Danse de l'écureuil et néo-trad

Au retour de l'entracte, c'est Juulie Rousseau, de Saint-Antoine-de-Tilly, qui a fait montre de son savoir-faire. Citoyenne du monde, mûrie par ses voyages autour du globe, Juulie - oui, avec deux u - a eu tôt fait d'émouvoir l'assistance avec ses chansons, qui racontent des histoires d'ici et d'ailleurs. Celle qui, en 2010, avait remporté les honneurs dans la catégorie interprète au Festival de la chanson de Petite Vallée chante en plusieurs langues, notamment en langue innue et en attikamek.

Intermède loufoque: sur invitation du maître de cérémonie, les spectateurs du Palace ont été invités à faire la danse de l'écureuil, vidéo à l'appui. Un moment des plus comiques que de voir des centaines de personnes se dandiner sur des airs d'harmonica et de percussions.

Ancienne participante de Jamais trop tôt, le volet jeunesse du Festival, également couronnée des Accros de la chanson, Chloé Breault a entonné trois de ses titres, dont Dans mon pot Mason qui lui a valu le prix SOCAN de la chanson dans le cadre du 46e Gala de la chanson de Caraquet.

N'eût été une certaine innocence qu'elle dégage et sa voix cristalline, on pourrait facilement oublier le jeune âge de la résidante de Bertrand, au Nouveau-Brunswick, qui a tout juste 19 ans. Fait à noter, la chanson qu'elle avait interprétée dans le cadre de Jamais trop tôt l'an dernier, L'été qui recommence, envahit les ondes de Rouge FM jusqu'à la fin du mois, la jeune femme ayant été nommée talent à découvrir du mois d'août.

Chandail de loup a clôturé la demi-finale en donnant à la soirée des airs de veille Nouvel An. Dans le foyer du Palace, ça dansait le rigaudon, ce n'est pas peu dire...
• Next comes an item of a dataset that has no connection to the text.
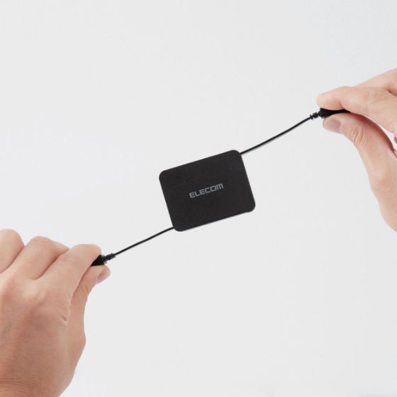本製品は、ケーブルが絡まらない巻き取りタイプとなっており、ケーブルはコネクターごと巻き取り部分に収納可能。持ち運びの際にかばんの中でコネクターがねじれたり断線したりすることを防止できる。

Le duo de Lachine formé par Florence Payette et Louis-Philippe Dupuy pige allègrement dans le terroir québécois, lanternes, casque de poil et veston carreauté en prime. Des airs d'antan, mais avec des textes modernes sur des réalités d'aujourd'hui, doublés d'un peu, sinon de pas mal d'humour. Du trad moderne, quoi. Ça plaît beaucoup, et ça démontre que c'est possible de faire du tout neuf avec du vieux.

La soirée s'est terminée au rythme des succès d'Antoine Lachance, qui s'était rendu en finale du festival pas plus tard que l'an dernier. L'auteur-compositeur-interprète de Sorel y avait d'ailleurs raflé trois prix.

En toute fin de spectacle, les 24 participants du volet Jamais trop tôt se sont joints à l'artiste pour chanter Une belle toune. Malheureusement, heure de tombée oblige, nous n'avons pu être témoinde ce moment pour le moins emballant pour ces interprètes de la relève.

Le suspense tire bientôt à sa fin, alors que seront révélés ce soir, au terme de la quatrième et dernière demi-finale, les participants qui prendront part à la grande finale de vendredi prochain.